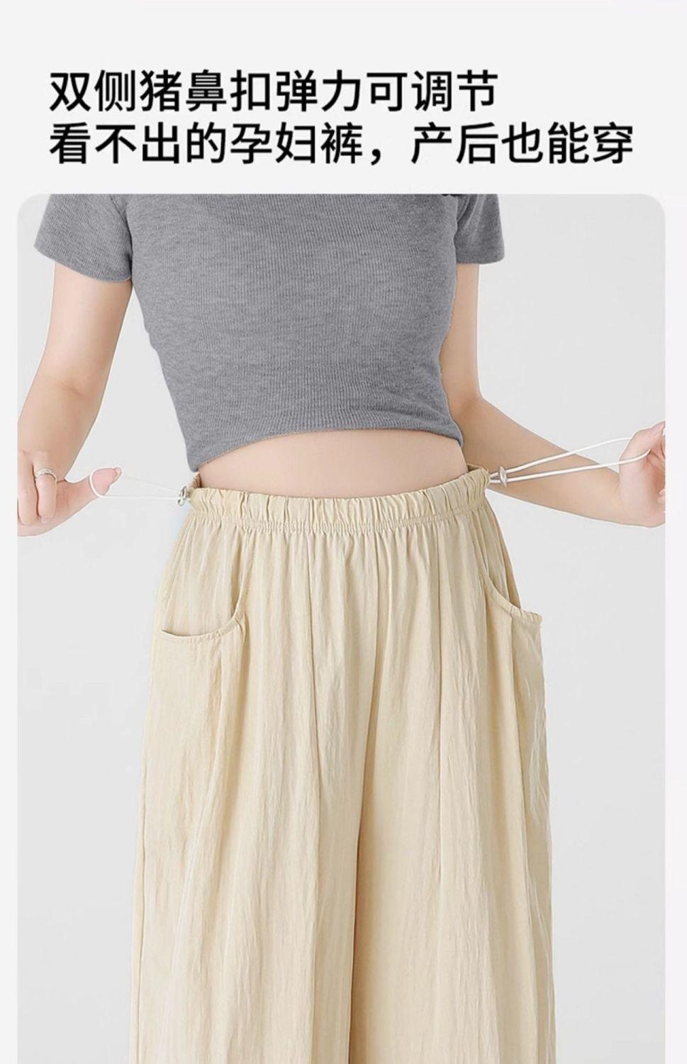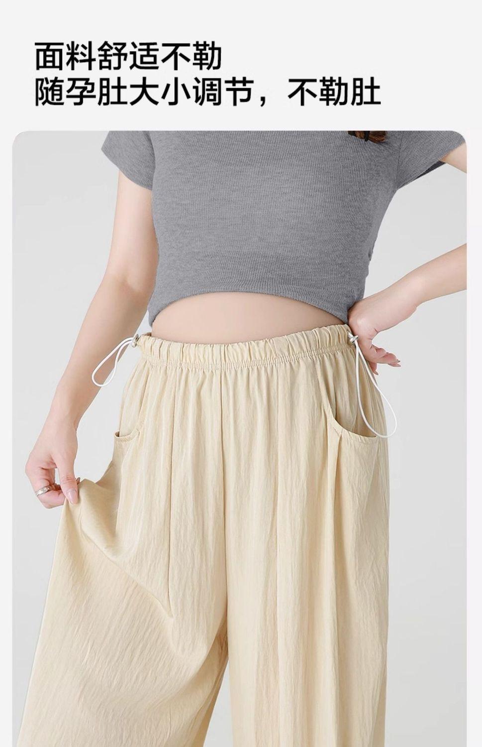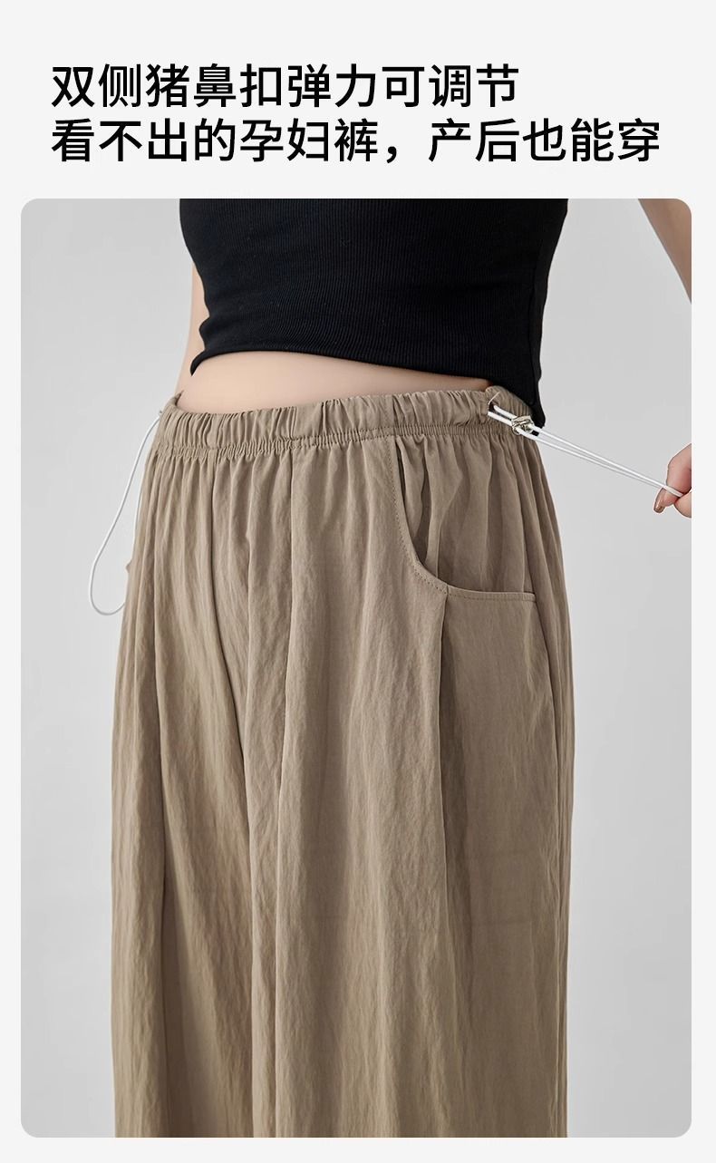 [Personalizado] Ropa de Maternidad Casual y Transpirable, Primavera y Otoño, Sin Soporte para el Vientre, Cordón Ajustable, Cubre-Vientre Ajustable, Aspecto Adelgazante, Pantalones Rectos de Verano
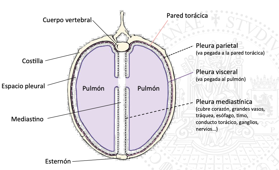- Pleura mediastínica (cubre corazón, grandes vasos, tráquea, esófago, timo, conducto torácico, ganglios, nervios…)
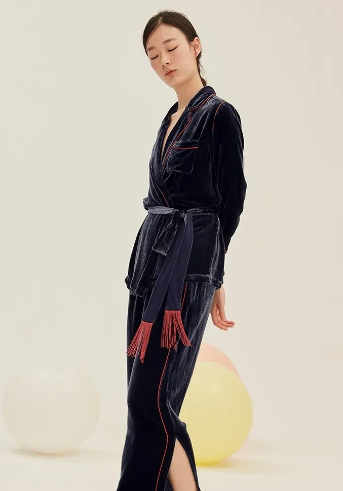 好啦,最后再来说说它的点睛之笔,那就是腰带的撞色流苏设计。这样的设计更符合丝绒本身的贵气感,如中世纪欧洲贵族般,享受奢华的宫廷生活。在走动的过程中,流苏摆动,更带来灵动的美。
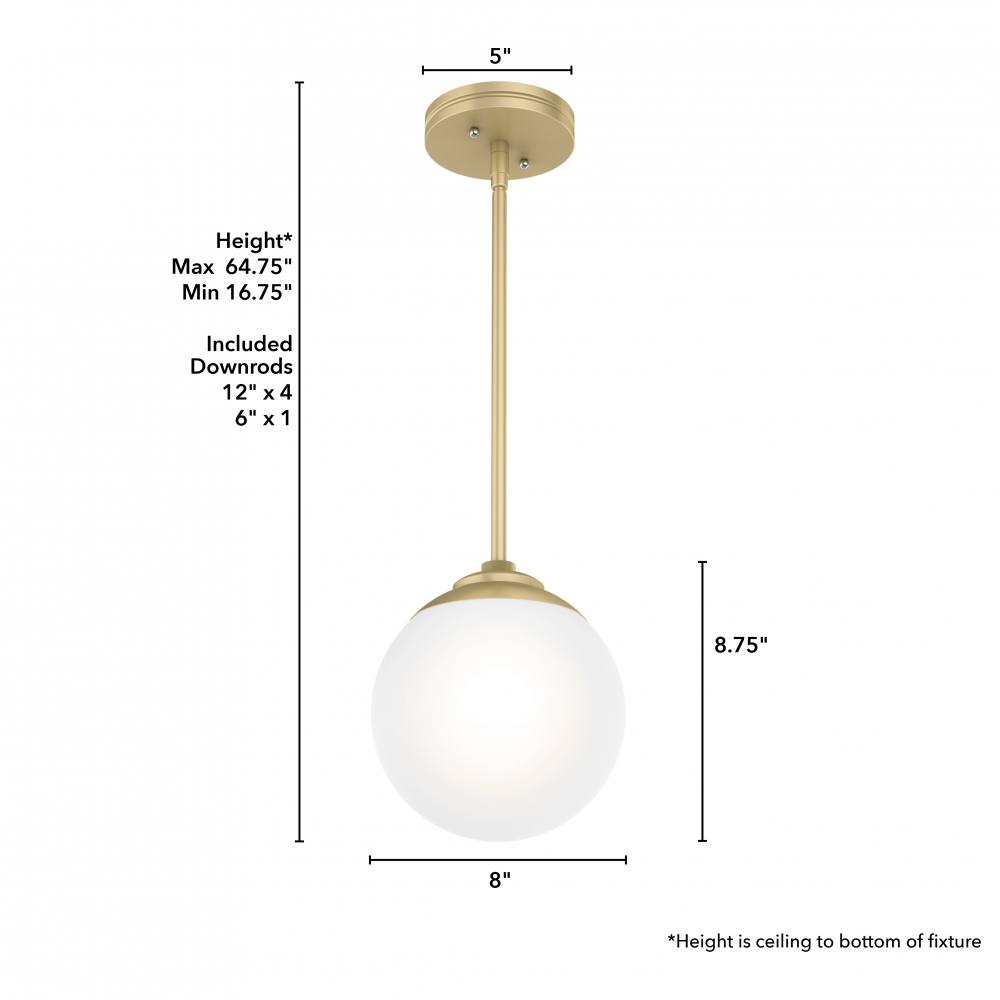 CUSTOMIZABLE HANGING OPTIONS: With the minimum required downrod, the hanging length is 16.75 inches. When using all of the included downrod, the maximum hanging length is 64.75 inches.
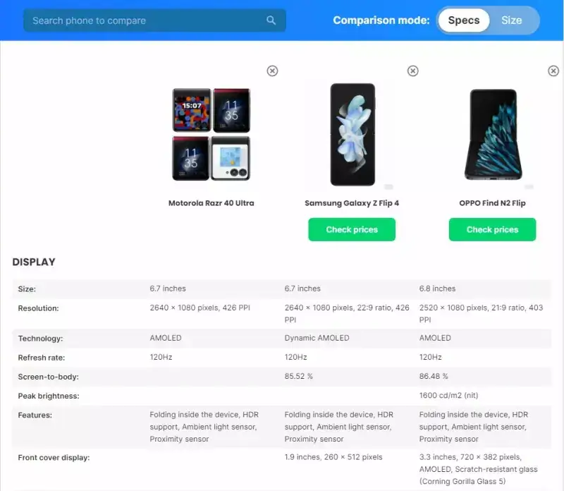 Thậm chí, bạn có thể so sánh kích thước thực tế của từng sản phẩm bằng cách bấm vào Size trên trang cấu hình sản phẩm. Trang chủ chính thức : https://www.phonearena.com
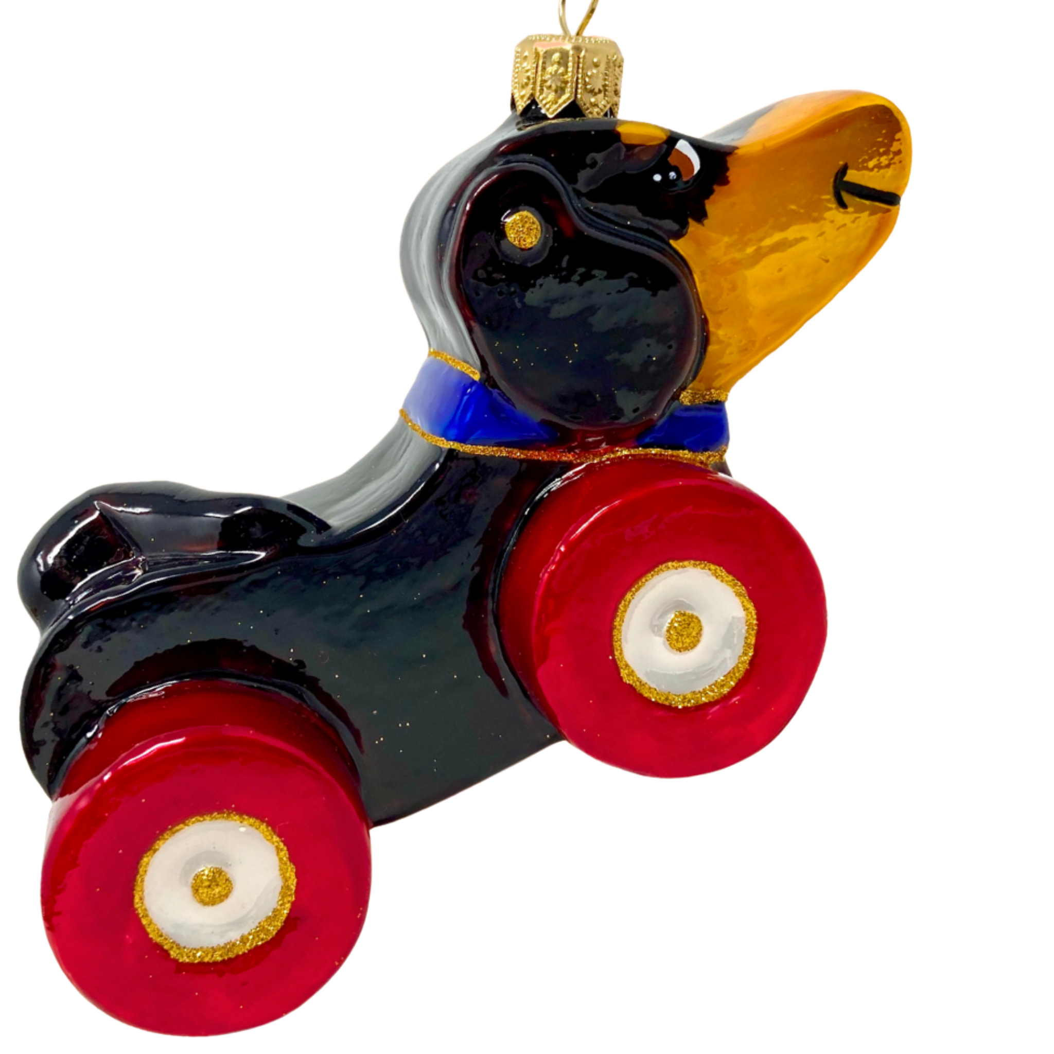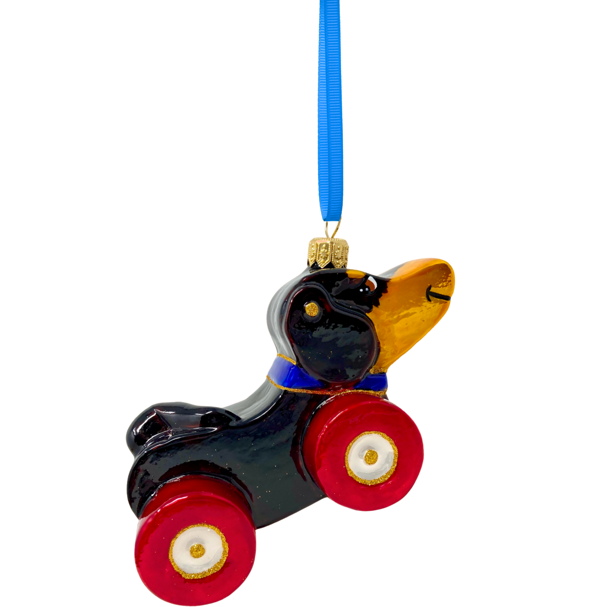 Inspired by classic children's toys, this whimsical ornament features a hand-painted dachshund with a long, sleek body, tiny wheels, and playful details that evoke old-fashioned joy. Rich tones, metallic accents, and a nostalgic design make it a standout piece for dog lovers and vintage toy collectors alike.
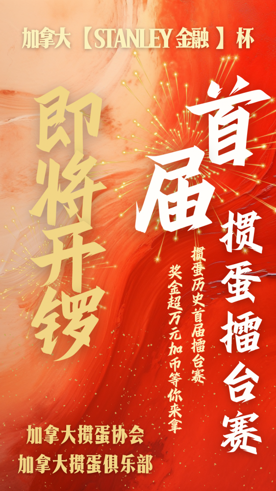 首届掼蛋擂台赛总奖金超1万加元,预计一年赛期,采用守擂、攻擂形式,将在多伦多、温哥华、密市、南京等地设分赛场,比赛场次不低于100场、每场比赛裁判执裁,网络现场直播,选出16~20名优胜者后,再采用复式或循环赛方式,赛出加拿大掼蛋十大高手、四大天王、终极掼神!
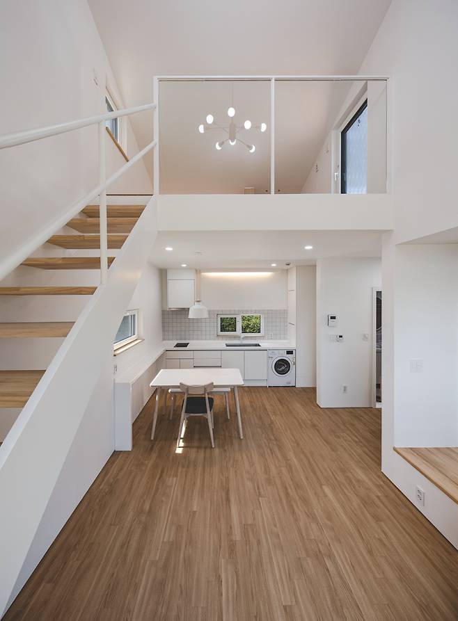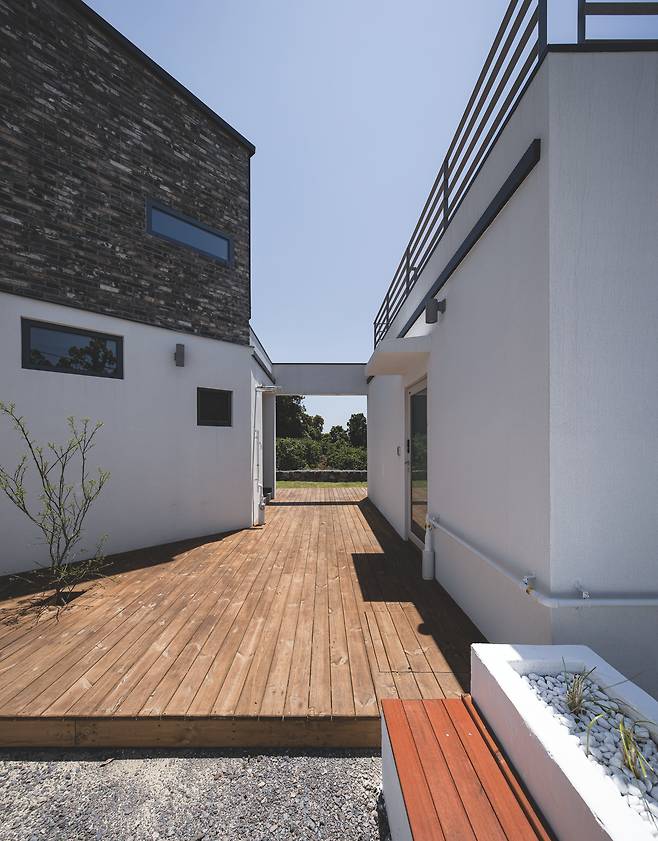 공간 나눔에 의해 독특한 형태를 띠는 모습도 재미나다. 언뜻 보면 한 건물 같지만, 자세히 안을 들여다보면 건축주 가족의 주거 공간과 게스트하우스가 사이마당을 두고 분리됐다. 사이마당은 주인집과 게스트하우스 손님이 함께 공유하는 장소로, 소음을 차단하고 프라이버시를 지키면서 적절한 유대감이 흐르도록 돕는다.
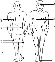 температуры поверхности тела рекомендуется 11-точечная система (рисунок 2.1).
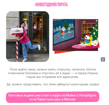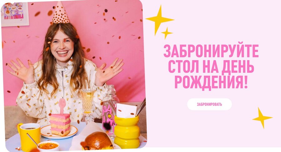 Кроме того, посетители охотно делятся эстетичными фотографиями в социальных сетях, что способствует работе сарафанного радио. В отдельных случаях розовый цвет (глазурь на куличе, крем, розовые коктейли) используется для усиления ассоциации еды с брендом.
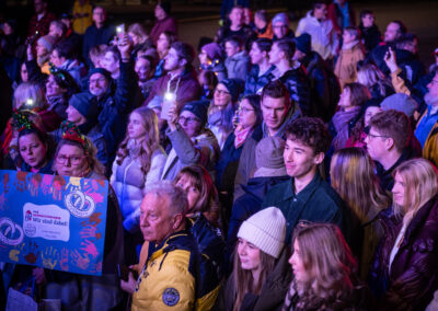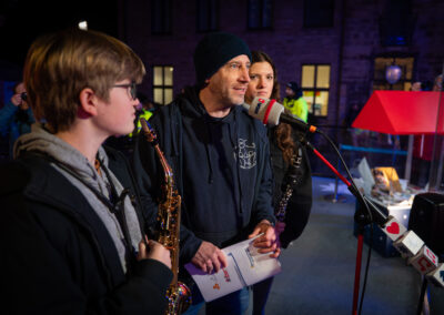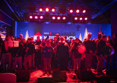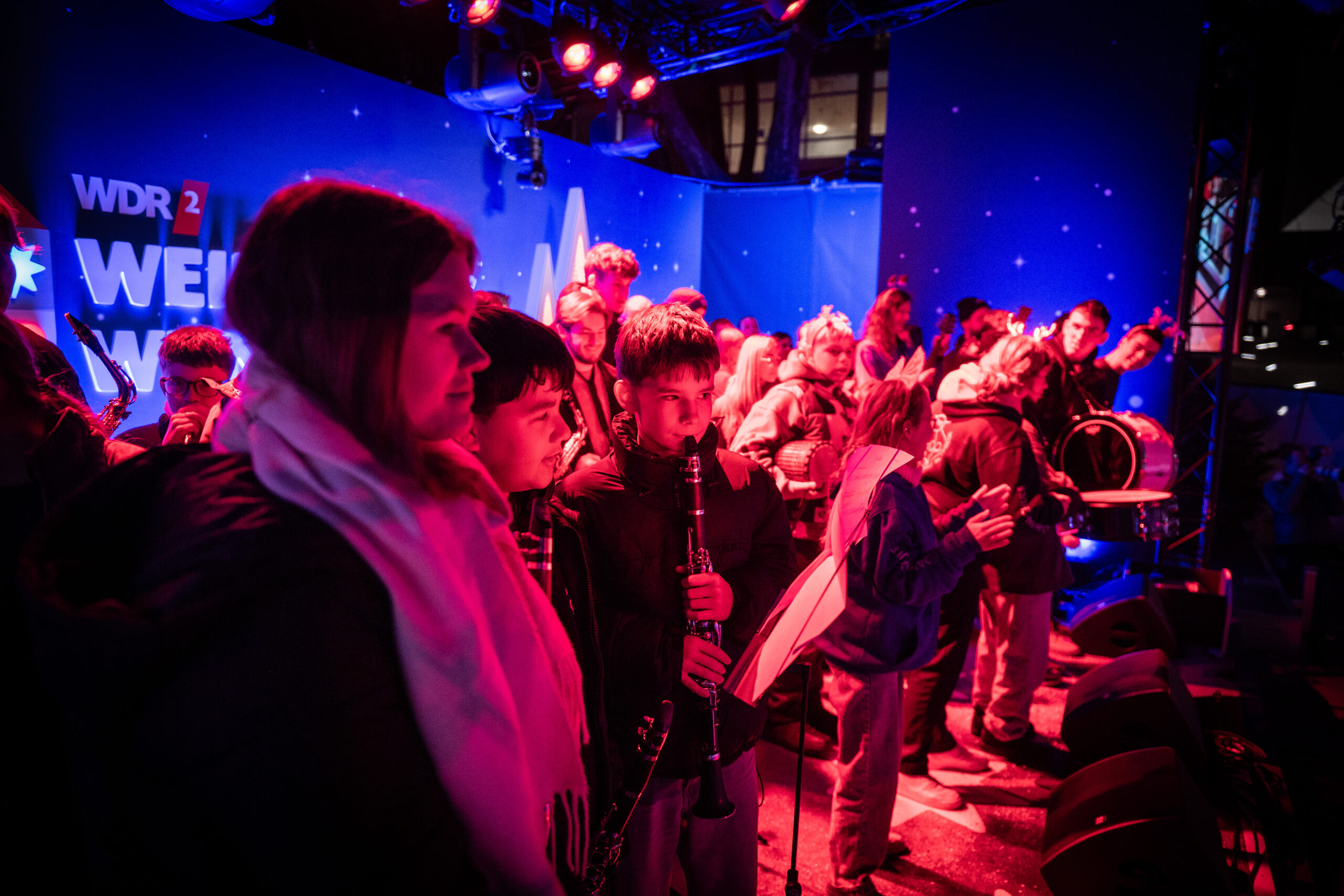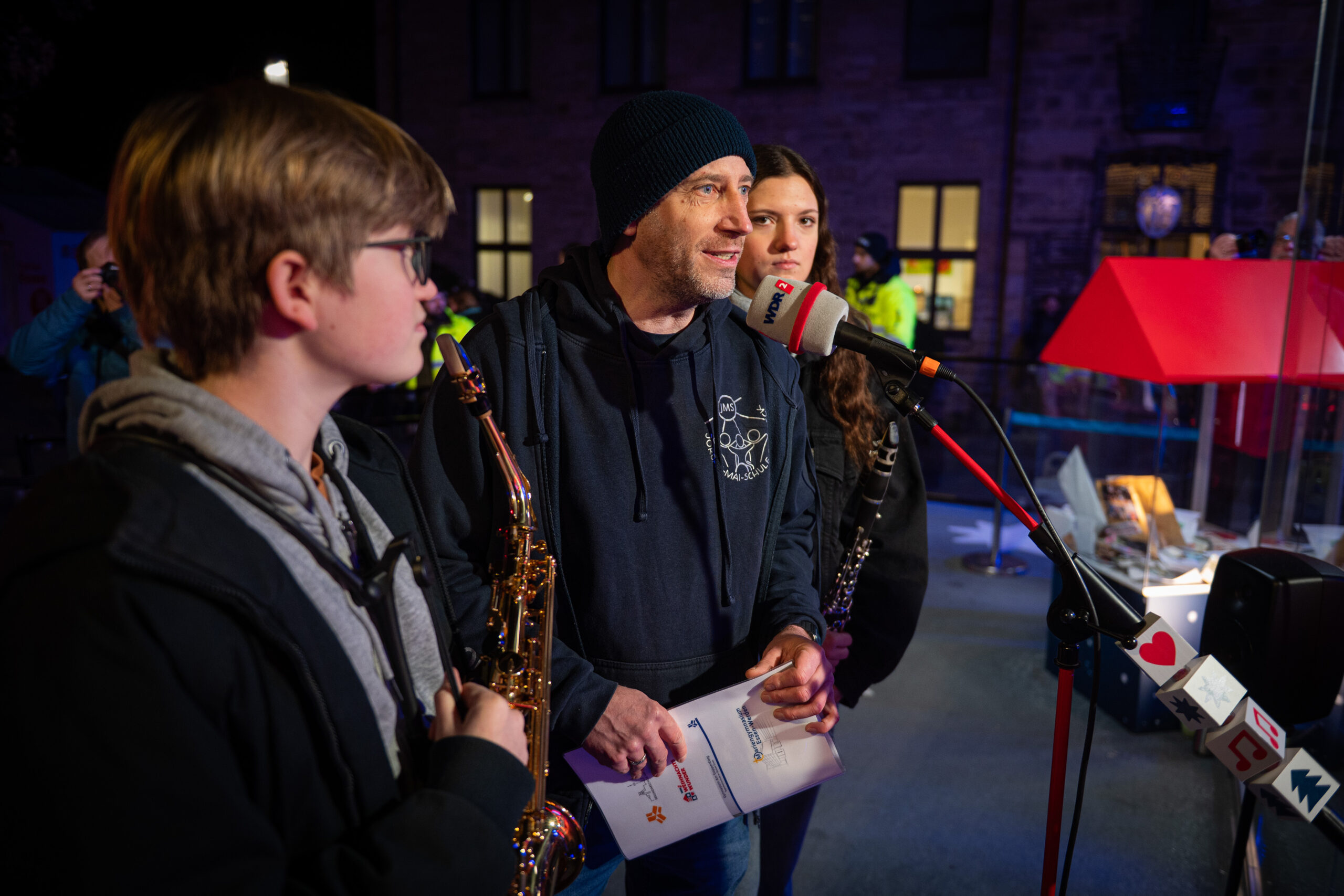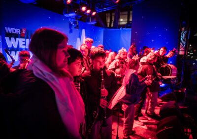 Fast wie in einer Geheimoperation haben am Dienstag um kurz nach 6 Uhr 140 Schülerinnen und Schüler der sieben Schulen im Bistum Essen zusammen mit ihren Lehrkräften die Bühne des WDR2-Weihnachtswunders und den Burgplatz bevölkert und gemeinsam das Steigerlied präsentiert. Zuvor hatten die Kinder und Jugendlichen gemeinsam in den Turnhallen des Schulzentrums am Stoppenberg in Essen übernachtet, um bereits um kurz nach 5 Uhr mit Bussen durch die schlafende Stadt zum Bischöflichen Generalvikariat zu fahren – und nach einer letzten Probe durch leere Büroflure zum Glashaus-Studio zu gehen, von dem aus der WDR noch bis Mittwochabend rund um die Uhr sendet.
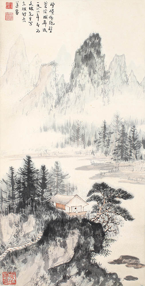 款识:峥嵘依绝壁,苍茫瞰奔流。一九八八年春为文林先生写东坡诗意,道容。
-- -- --
- About this task:
In the records above, find the line that contains "공간 나눔에 의해 독특한" and retype it and all lines after it exactly, leaving out any pictures.

- Answer section:
 공간 나눔에 의해 독특한 형태를 띠는 모습도 재미나다. 언뜻 보면 한 건물 같지만, 자세히 안을 들여다보면 건축주 가족의 주거 공간과 게스트하우스가 사이마당을 두고 분리됐다. 사이마당은 주인집과 게스트하우스 손님이 함께 공유하는 장소로, 소음을 차단하고 프라이버시를 지키면서 적절한 유대감이 흐르도록 돕는다.
 температуры поверхности тела рекомендуется 11-точечная система (рисунок 2.1).
 Кроме того, посетители охотно делятся эстетичными фотографиями в социальных сетях, что способствует работе сарафанного радио. В отдельных случаях розовый цвет (глазурь на куличе, крем, розовые коктейли) используется для усиления ассоциации еды с брендом.
 Fast wie in einer Geheimoperation haben am Dienstag um kurz nach 6 Uhr 140 Schülerinnen und Schüler der sieben Schulen im Bistum Essen zusammen mit ihren Lehrkräften die Bühne des WDR2-Weihnachtswunders und den Burgplatz bevölkert und gemeinsam das Steigerlied präsentiert. Zuvor hatten die Kinder und Jugendlichen gemeinsam in den Turnhallen des Schulzentrums am Stoppenberg in Essen übernachtet, um bereits um kurz nach 5 Uhr mit Bussen durch die schlafende Stadt zum Bischöflichen Generalvikariat zu fahren – und nach einer letzten Probe durch leere Büroflure zum Glashaus-Studio zu gehen, von dem aus der WDR noch bis Mittwochabend rund um die Uhr sendet.
 款识:峥嵘依绝壁,苍茫瞰奔流。一九八八年春为文林先生写东坡诗意,道容。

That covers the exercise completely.